Good morning and welcome to the Federal Reserve Bank of
Philadelphia. The Philadelphia Fed has had a long relationship with the
Global Interdependence Center. For more than 30 years, we have
participated in GIC meetings with policy leaders from around the globe.
We have benefited from the many good ideas that have emerged from these

That is why the Philadelphia Fed is proud to host today's event —
part three in this timely conference series on financial
interdependence in the world's post-crisis capital markets.
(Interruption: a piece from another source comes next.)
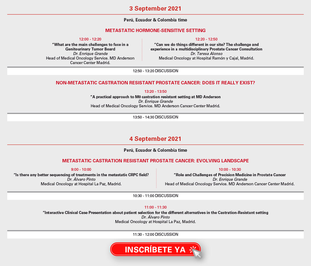 Lugar: Sala Videoconferencias – Hospital MD Anderson Cancer Center Madrid – Hospiten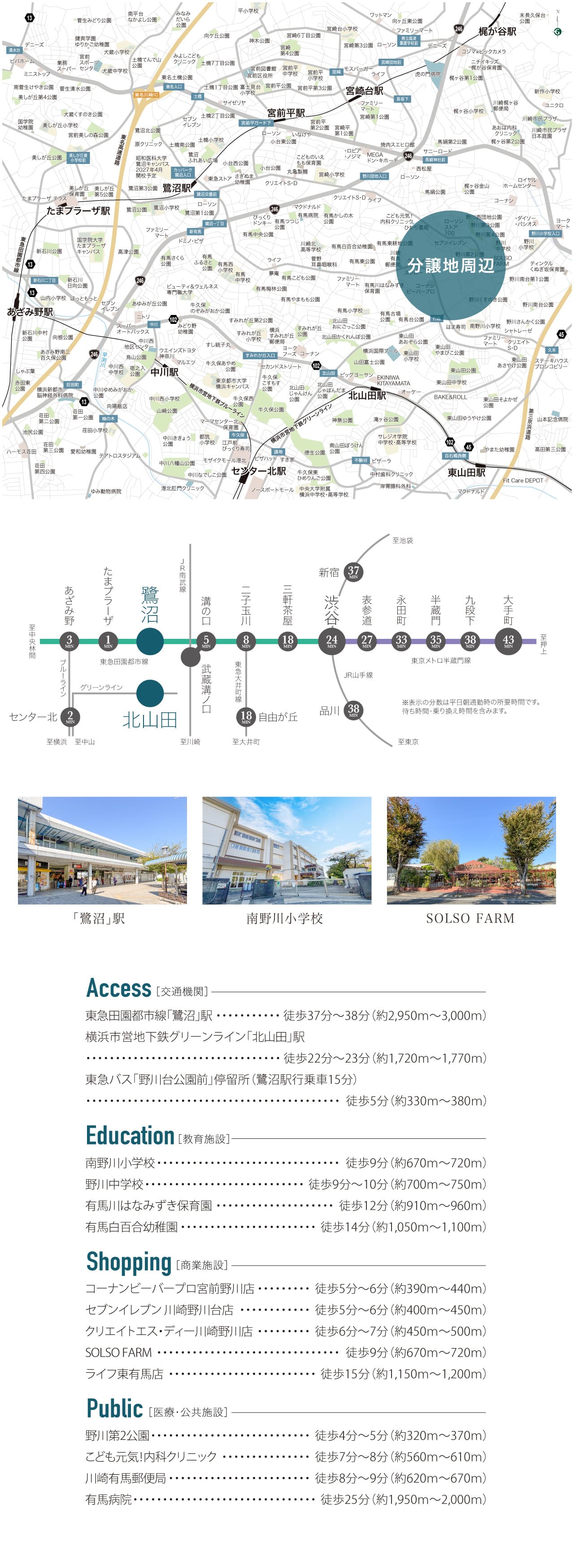 | 交通 | 横浜市営地下鉄グリーンライン「北山田」駅より徒歩 22分( 約1,720m ) 〜 徒歩 23分( 約1,770m ) 東急田園都市線「鷺沼」駅より約2,950m 〜 約3,000m 東急バス「野川台公園前」停留所より徒歩 5分( 約330m ) 〜 徒歩 5分( 約380m ) |

As you see in the agenda, we will hear perspectives from members of
Congress, investment experts, and economists. I am particularly pleased
that the keynote speaker is my colleague Eric Rosengren, president of
the Federal Reserve Bank of Boston.

The financial crisis of the last two years will alter the structure
and performance of global capital markets in many ways. Competition and
market forces will change many financial products and the way they are
delivered. Financial products and innovations that failed the market
test will disappear or change. And that is how it should be. We should
not underestimate the power of the market and its adaptability.

Yet global financial markets will also be shaped, for better or
worse, by the nature of financial regulatory reforms under
consideration by lawmakers in numerous countries. For example, recent
discussion in Washington has centered on which regulatory agency should
have which supervisory powers and over what types of institutions. One
proposal would eliminate the Fed's oversight of state-chartered member
banks in favor of a focus on the largest institutions. Other proposals
would transfer all bank supervision and regulation to a separate,
single bank regulator. Taking away the Fed's supervisory role on Main
Street or Wall Street would be unwise. As the central bank, the Fed has
the depth of experience and expertise to monitor banks of all sizes.
And these responsibilities support and complement the central bank's
ability to meet its Congressional mandates for financial stability and
monetary policy.

In 1997, the U.K. took bank regulation from the Bank of England and
gave it to the Financial Services Authority. Based on its experience
with a separate regulator during this crisis, the U.K. government is
considering moving regulatory activity back into the central bank —
just the opposite of some U.S. proposals.

Chairman Bernanke submitted a report to Congress that clearly
outlines the sound reasons for retaining bank supervision in the
Federal Reserve.1
The current crisis underscores the importance of having a regulatory
framework that addresses both the safety and soundness of individual
institutions and the macro-prudential risks of the financial system as
a whole. Given the Fed's traditional central banking roles, including
having lender of last resort responsibilities, overseeing the stability
of financial and payment systems, and setting monetary policy, it is
uniquely situated within the government with the necessary expertise to
deliver on both pieces of this regulatory mandate.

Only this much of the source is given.